Two further capabilities round out the workflow. The first is a historical audit: the same detection pipeline can be run against archived footage on demand. The second is reporting. The operator can view aggregate statistics and export the entire view as a PDF.
Technical Challenge
The most significant engineering hurdle we faced was achieving real-time, multi-stream video processing within a Python-based architecture on cloud GPUs.
The Challenge
Python is excellent for ML, but it presents challenges when you need to sustain high-throughput, parallel video pipelines. We needed to process multiple concurrent HD streams on a single GPU without causing significant "glass-to-glass" latency. This was further complicated by hardware coupling: a model optimized via TensorRT for a specific NVIDIA card must be deployed on identical hardware to maintain performance.
The Solution
Our solution was a four-pronged approach to infrastructure and optimization. First, we leveraged TensorRT-optimized inference to ensure we were squeezing every bit of performance out of the GPU. Second, we built custom Docker images specifically tuned to our target RunPod instances, guaranteeing hardware parity between our training and production environments. Third, we implemented pyAV-based parallel pipelines, allowing us to handle frame decoding and encoding in separate processes to prevent the Python interpreter from choking the video flow. Finally, we placed Cloudflare in front of our dynamic RunPod endpoints. This allowed us to maintain a stable custom domain and manage traffic effectively, shielding the backend from the instability of dynamic URLs and providing an extra layer of security.
Project Timeline
Safety Guard AI was delivered over five months, totaling roughly 2,000 working hours across a five-person team - one architect, three developers, and one DevOps engineer.

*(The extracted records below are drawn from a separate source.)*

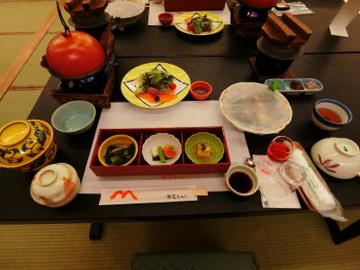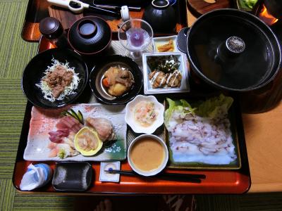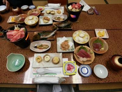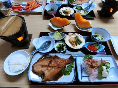 夕食の懐石・朝食バイキングとともに品数も多く、いずれも地元産の素材を生かした料理となっていました。
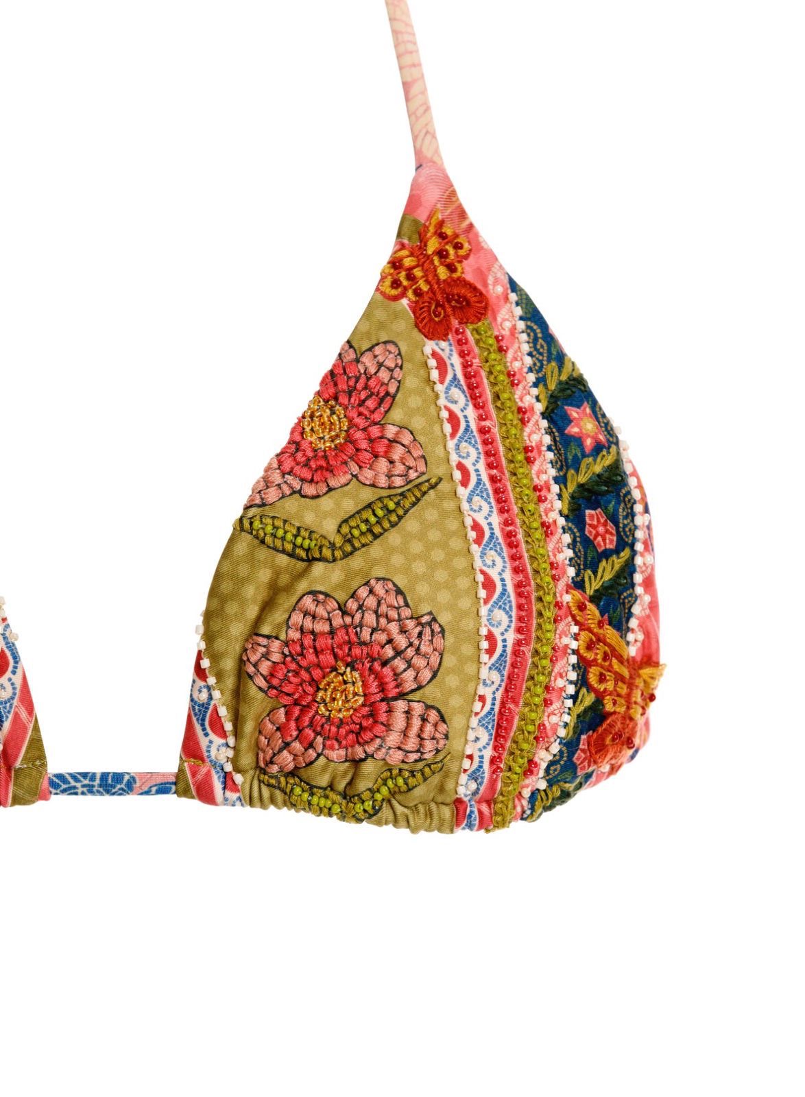 BIKINI VERDE Y ROSA CON DETALLES DE FLORES BORDADO ARTESANAL
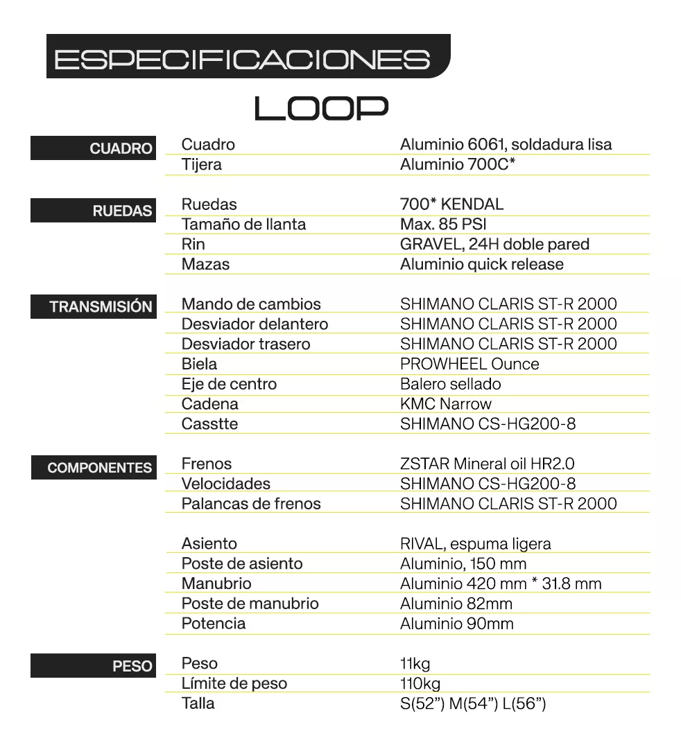 Nombre: BICICLETA GRAVEL DE RUTA LOOP R700*C, 16V, SHIMANO CLARIS

Month 1 - Requirements Analysis & Architecture Design
We took the project's business concept and translated it into technical requirements: throughput targets, latency budgets, accuracy thresholds, and evidence-retention rules. In parallel, we ran model selection, evaluated cloud GPU providers, and prototyped the runtime environment. By the end of the month, we had committed to RF-DETR, TensorRT, pyAV, RunPod, and the broader stack - and we had a written architecture document that the rest of the team built against.
Months 2 and 3 - Implementation
The core build phase. We brought up the ingestion pipeline, the inference runtime, the persistence layer, the operator dashboard, the historical-audit mode, the violation list and detail views, and the PDF export.
Month 4 - Optimization
Performance testing and tuning. We profiled the per-stage cost in the pipeline, pushed throughput up, pulled latency down, and stress-tested the system under multi-stream load to find where it breaks.
Month 5 - Deployment
Production release on RunPod fronted by Cloudflare. Infrastructure hardening, observability, monitoring, and alerting on the system itself.
Conclusions
We make it a standard practice to wrap up our work with a deep-dive retrospective. Safety Guard AI gave us plenty to examine.
Key Challenges Faced
- Real-time video processing at scale: Multi-stream, low-latency video in Python is not a solved problem, and most of our hardest work went into making it stable rather than into the model itself.

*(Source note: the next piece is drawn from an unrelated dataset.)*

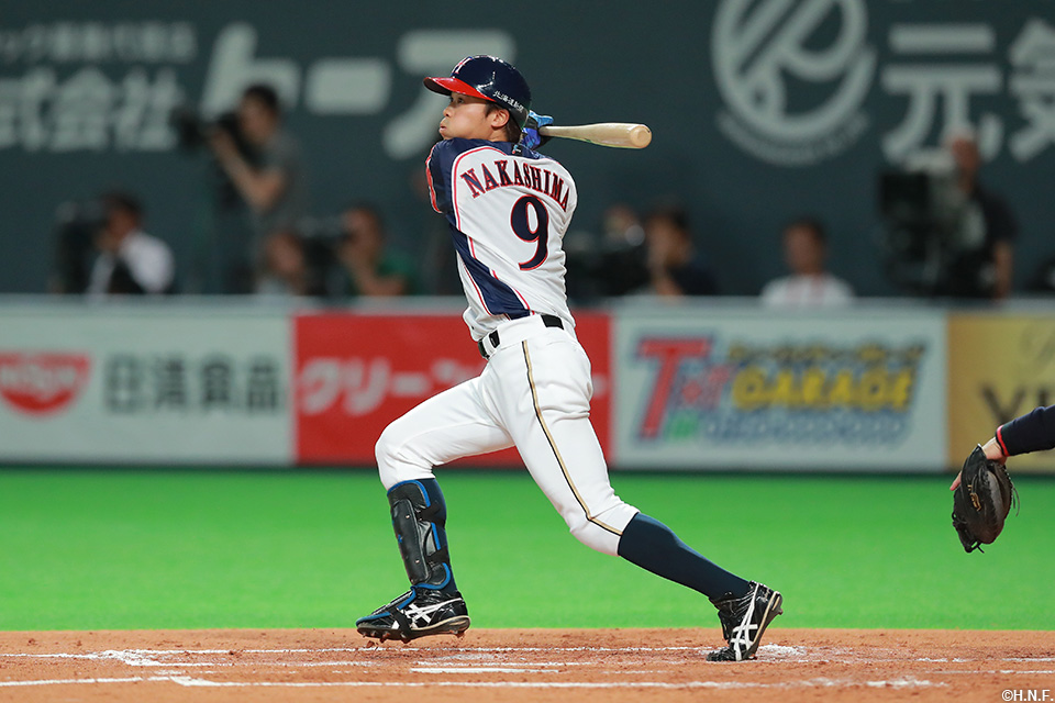 9番 中島卓也 左安 高めのストレートをレフトへ打ってヒット 1塁  |

- Runtime environment configuration: Aligning TensorRT, the CUDA toolchain, our base Docker images, and the specific RunPod GPU instance class consumed more time than any one of us would have predicted.

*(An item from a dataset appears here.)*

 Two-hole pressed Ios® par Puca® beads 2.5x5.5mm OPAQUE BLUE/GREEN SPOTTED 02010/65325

- Software architecture inside Python: Building the system in Python required us to make key design decisions, including choosing the web framework, structuring dependency injection, designing the persistence layer, and separating concerns between the streaming and application layers.
- Streaming protocol selection and cloud GPU integration: Picking HLS, mapping it through Cloudflare to dynamic RunPod URLs, and getting consistent behavior through the whole chain took several iterations.
- Local development hardware: MacOS incompatibility with the CUDA toolchain excluded part of the team from heavy local iteration.
- Parallel programming in a video pipeline: Concurrency, backpressure, frame drops, codec edge cases, and the interaction between the tracker and the persistence layer collectively produced a long tail of subtle bugs that only show up under sustained load.
- Model selection trade-offs: Project requirements constrained the model space more than we initially acknowledged. We had to balance accuracy, inference cost, and hardware affinity.
What We Would Do Differently
- Reconsider Python for the streaming layer specifically: Python carried the model and the pipeline well, but the web-streaming layer in front of HLS was the part of the system where it gave us the most pain. We are not abandoning Python, but we would consider using a different technology stack for certain components.
- Move from Scrum to Kanban for R&D-heavy work: We ran one-week Scrum sprints and watched task carry-over rates climb whenever the work touched computer-vision subject. Innovative tasks resist tight estimation, and forcing them into sprint cadences produced friction without producing better outcomes. Kanban would have served the project better.
- Develop a better estimation approach for innovative tasks: Related to the above. We need a way to budget exploratory work that does not pretend it is the same shape as feature delivery.
- Set up standardized QA for system performance earlier: We did performance testing well, but late. A standardized verification process - run continuously rather than as a separate phase - would have surfaced issues sooner and prevented at least one architectural detour.
- Be honest about what we did not hit: The project was completed significantly later than originally planned, and frame-processing speed has not yet hit the benchmarks we targeted at kickoff.
What Went Well
- F-DETR was the right model choice: The balance of cost, speed, and accuracy held up across our evaluation, and the active community made fine-tuning iterations smoother than the alternatives we considered.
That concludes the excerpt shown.